DatetimeIndex(['2021-06-15 02:30:50+09:30', '2021-06-30 02:30:50+09:30',
'2021-07-15 02:30:50+09:30', '2021-07-30 02:30:50+09:30',
'2021-08-14 02:30:50+09:30', '2021-08-29 02:30:50+09:30'],
dtype='datetime64[ns, Australia/Adelaide]', freq='15D')
DateTimeIndex frequency...
<15 * Days>
Check whether the date in DateTimeIndex is the last day of the quarter...
[False True False False False False]
Example with Quarter-End Dates
Let's create a more focused example using actual quarter-end dates ?
import pandas as pd
# Create specific dates including quarter-end dates
dates = ['2021-03-31', '2021-04-01', '2021-06-30', '2021-09-30', '2021-12-31']

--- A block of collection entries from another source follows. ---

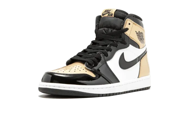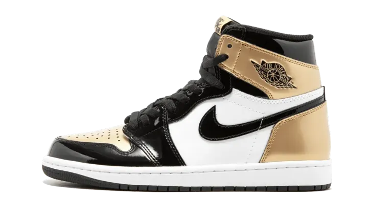 Not to be confused with the "Gold Top Three" colorway, the Air Jordan 1 High OG released in a second white, black, and gold patent leather combination in 2018 for the NBA All-Star Weekend festivities. The "Gold Toe" Air Jordan 1 features—you guessed it—gold color blocking on the toe panels, while a "Black Toe"-style colorblock is found on each lateral side and a "Bred"-style block is on each medial side. You just can't go wrong with a gold pair of Air Jordan 1s. The Air Jordan 1 Gold Toe is a must-have for any fan of the iconic silhouette.
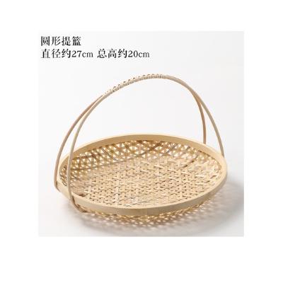 手工竹编提篮 家用茶点盘 水果篮子糕点托盘 竹编篮 圆形提篮大号直径27cm 高20cm
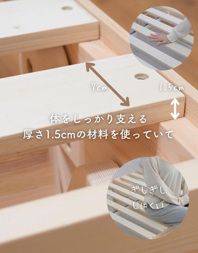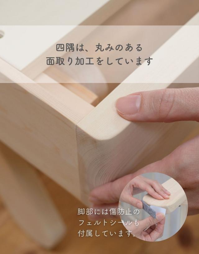 | 材質 | フレーム: 天然木(ナチュラル=無塗装、ホワイトウォッシュ=ラッカー塗装) 床面: 積層材(無塗装) |
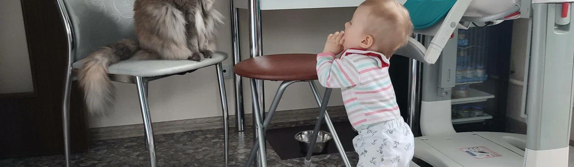 Первый переворот произошел, когда кошка ела у миски. Животные - двигатели активности у детей. С этого момента пришлось строго контролировать передвижения дочки и кошки. Первые четвереньки - за кошкой. Кошка еще могла чувствовать себя спокойно. Она понимала, что передвигается быстрее дочки, к тому же могла специально подождать, пока дочка доползет до нее, потянутся и в последний момент убежать.
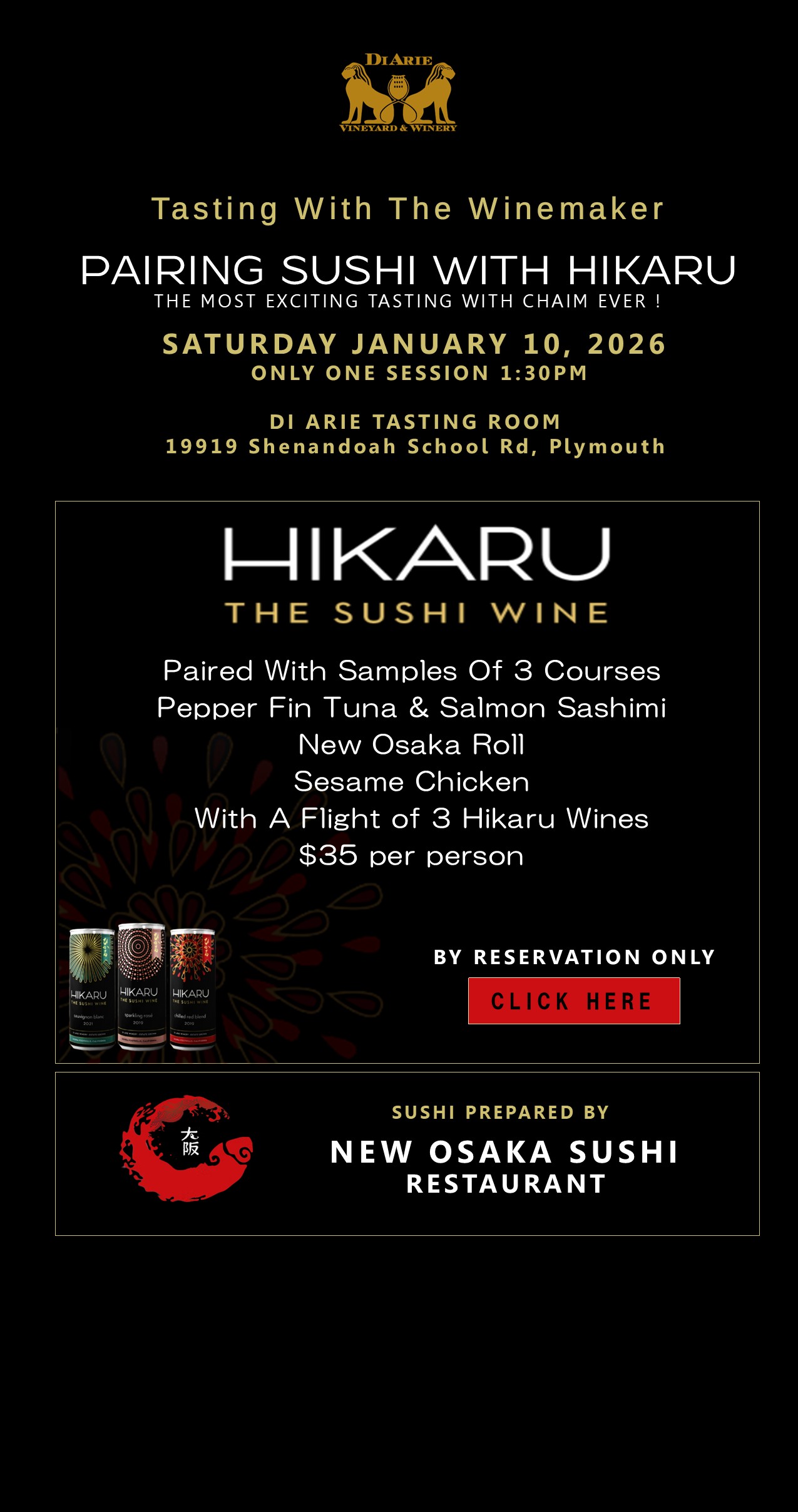 Di Arie Vineyard & Winery 19919 Shenandoah School Rd, Plymouth, CA, United StatesPAIRING SUSHI WITH HIKARU THE MOST EXCITING TASTING WITH CHAIM EVER !

datetime_index = pd.DatetimeIndex(dates)
print("DateTimeIndex with quarter-end dates...")
print(datetime_index)
print("\nIs quarter end?")
print(datetime_index.is_quarter_end)
# Create a DataFrame to see results more clearly
df = pd.DataFrame({
'Date': datetime_index,
'Is_Quarter_End': datetime_index.is_quarter_end
})
print("\nResults in DataFrame format:")
print(df)
DateTimeIndex with quarter-end dates...
DatetimeIndex(['2021-03-31', '2021-04-01', '2021-06-30', '2021-09-30',
'2021-12-31'],
dtype='datetime64[ns]', freq=None)
Is quarter end?
[ True False True True True]
Results in DataFrame format:
Date Is_Quarter_End
0 2021-03-31 True
1 2021-04-01 False
2 2021-06-30 True
3 2021-09-30 True
4 2021-12-31 True
Filtering Quarter-End Dates
You can use the is_quarter_end property to filter and extract only quarter-end dates ?
import pandas as pd
# Create a date range covering multiple quarters
date_range = pd.date_range('2021-01-01', '2021-12-31', freq='M')
print("Monthly dates for 2021:")
print(date_range)
# Filter only quarter-end dates
quarter_end_dates = date_range[date_range.is_quarter_end]
print("\nQuarter-end dates only:")
print(quarter_end_dates)
Monthly dates for 2021:
DatetimeIndex(['2021-01-31', '2021-02-28', '2021-03-31', '2021-04-30',
'2021-05-31', '2021-06-30', '2021-07-31', '2021-08-31',
'2021-09-30', '2021-10-31', '2021-11-30', '2021-12-31'],
dtype='datetime64[ns]', freq='M')
Quarter-end dates only:
DatetimeIndex(['2021-03-31', '2021-06-30', '2021-09-30', '2021-12-31'], dtype='datetime64[ns]', freq=None)
Conclusion
The is_quarter_end property is useful for financial analysis and time series operations where quarterly periods matter. It returns True for dates that fall on March 31st, June 30th, September 30th, and December 31st of any year.